Question

Suppose that a hole were drilled to the center of the Earth and an evacuated pipe were inserted in the hole. Assume the radius of the Earth is R and the density is uniform with the total mass M. An object of mass m is dropped down the pipe?

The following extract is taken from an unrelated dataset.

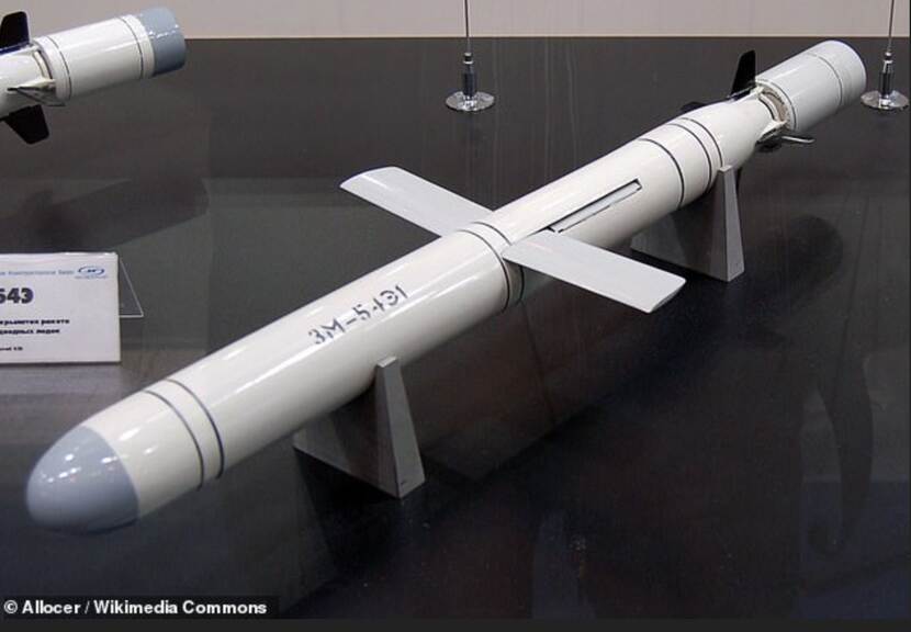 Een van de versies van het Russische Kalibr kruisvluchtwapen, waarmee grote schade wordt aangebracht in Oekraïne. De Kalibr wordt gelanceerd vanaf schepen en onderzeeboten. (Bron: Wikimedia Commons)

Suppose that a hole were drilled to the center of the Earth and an evacuated pipe were inserted in the hole. Assume the radius of the Earth is R and the density is uniform with the total mass M. An object of mass m is dropped down the pipe. Find the velocity of the object when it reaches the center, and the time it takes for the object to reach the center.

Answer 1

• Time: `qquad qquad approx 21 " mins"`

• Velocity: `qquad approx 7.9 " kps"`

Explanation:

From Gauss' gravity law, gravitational flux is:

`Phi_g = oint_(S) mathbf {g} cdot d \ mathbf {A} =-4\pi GM_s`

Using a spherical Gaussian surface, a concentric sphere of radius `r` within the earth, and for uniform earth density `rho`, this becomes:

`g(r) \ mathbf (hat r) cdot 4 pi r^2 \ mathbf (hat r) = - 4\pi G(rho 4/3 pi r^3)`

`rho = M/(4/3 pi R^3)`

`implies g(r) = - ( G \ M)/( R^3) r`

It follows that:

`ddot r + ( G \ M)/( R^3) r = 0`

Solving as:

`r = alpha cos omega t + beta sin omega t`, where `omega^2 = ( G \ M)/( R^3)`

IV's are:

• `r_o = R`

• `dotr_o = 0`

`implies r = R cos omega t`

On arrival at the centre at time `tau`:

• `r = 0 implies omega tau = pi/2 implies tau = pi/2 sqrt( R^3 /(GM)) approx 21 " mins"`

And velocity:

`dot r = - omega R sin omega t`

`dot r(tau) = - sqrt( ( G \ M)/( R^3)) \ R \ sin (pi/2) = - sqrt( ( G \ M)/( R)) approx - 7.9 " kps"`